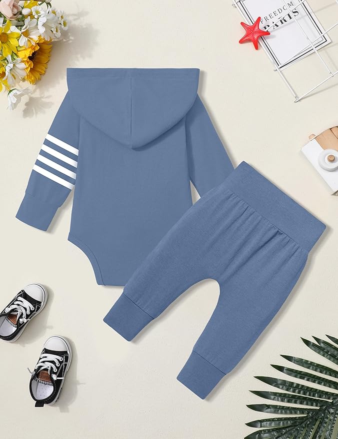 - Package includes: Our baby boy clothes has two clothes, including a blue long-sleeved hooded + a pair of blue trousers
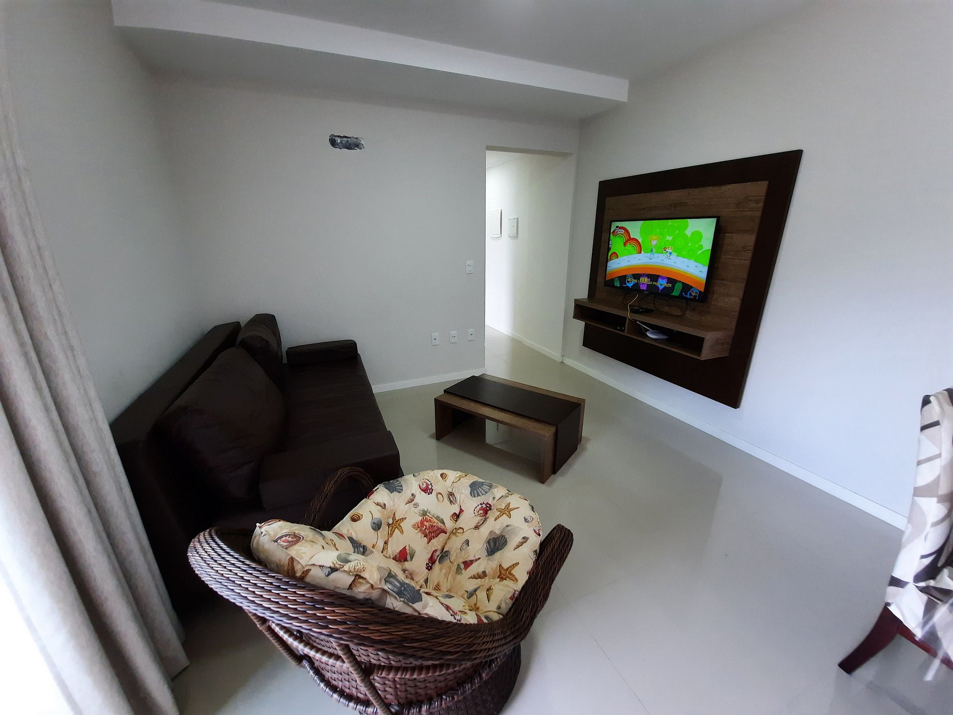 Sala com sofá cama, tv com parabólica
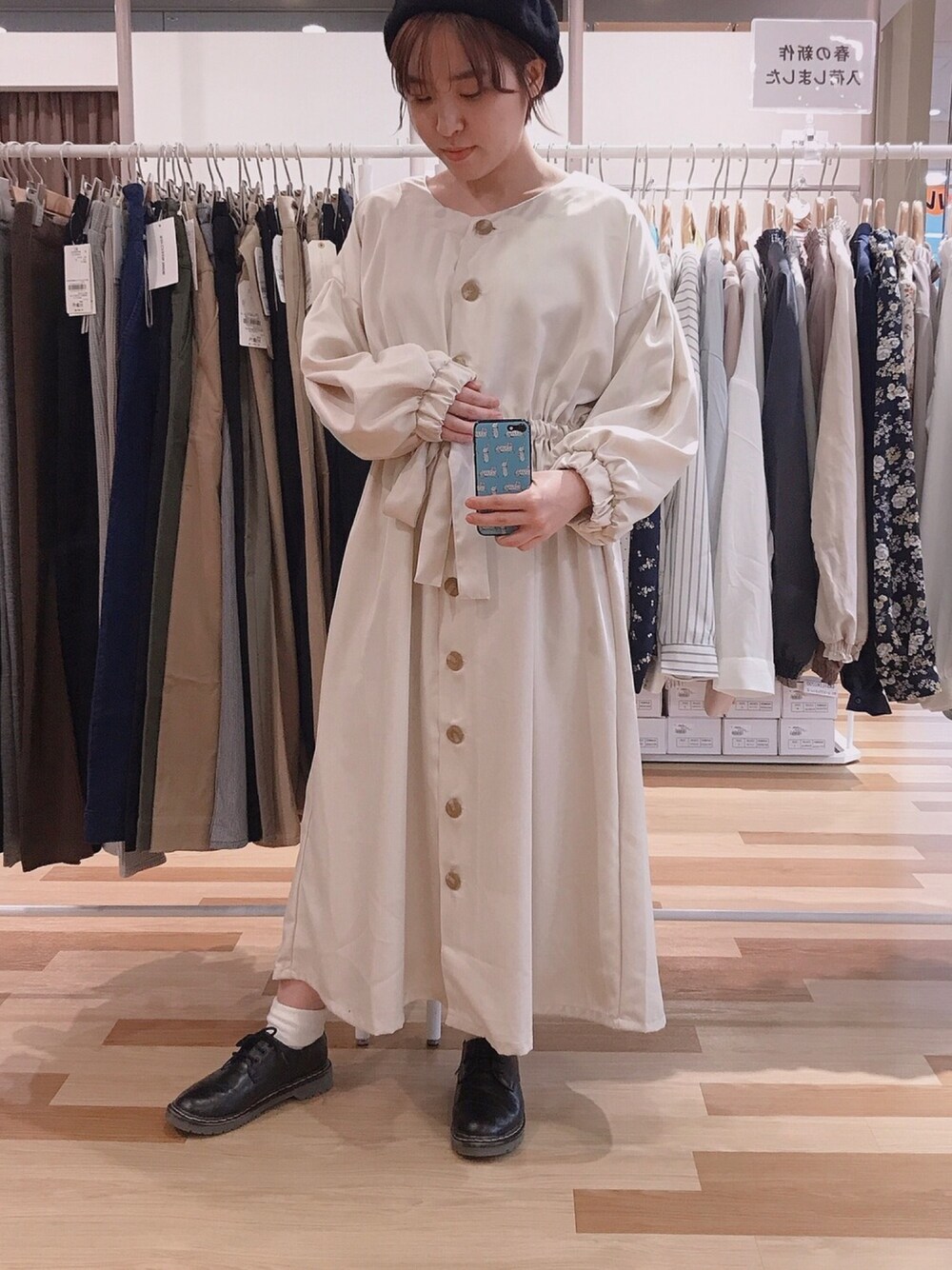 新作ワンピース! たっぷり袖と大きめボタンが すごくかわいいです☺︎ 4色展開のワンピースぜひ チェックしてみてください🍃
_ _ _ _ _
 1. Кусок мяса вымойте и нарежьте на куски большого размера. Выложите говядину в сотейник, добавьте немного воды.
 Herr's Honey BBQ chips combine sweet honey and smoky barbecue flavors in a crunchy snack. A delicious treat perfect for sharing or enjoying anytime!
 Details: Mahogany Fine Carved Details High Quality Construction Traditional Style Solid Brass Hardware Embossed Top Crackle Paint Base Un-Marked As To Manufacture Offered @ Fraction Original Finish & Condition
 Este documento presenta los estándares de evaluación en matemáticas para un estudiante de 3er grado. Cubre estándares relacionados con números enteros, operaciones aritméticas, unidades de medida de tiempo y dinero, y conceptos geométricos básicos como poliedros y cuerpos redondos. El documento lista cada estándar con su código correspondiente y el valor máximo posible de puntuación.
_ _ _ _ _
Only the lines starting at the one with "Sala com sofá cama, tv com parabólica" and ending at the one with "新作ワンピース! たっぷり袖と大きめボタンが すごくかわいいです☺︎" should be printed, each exactly as it appears in the material above; the pictures are to be omitted.

> Task output:
 Sala com sofá cama, tv com parabólica
 新作ワンピース! たっぷり袖と大きめボタンが すごくかわいいです☺︎ 4色展開のワンピースぜひ チェックしてみてください🍃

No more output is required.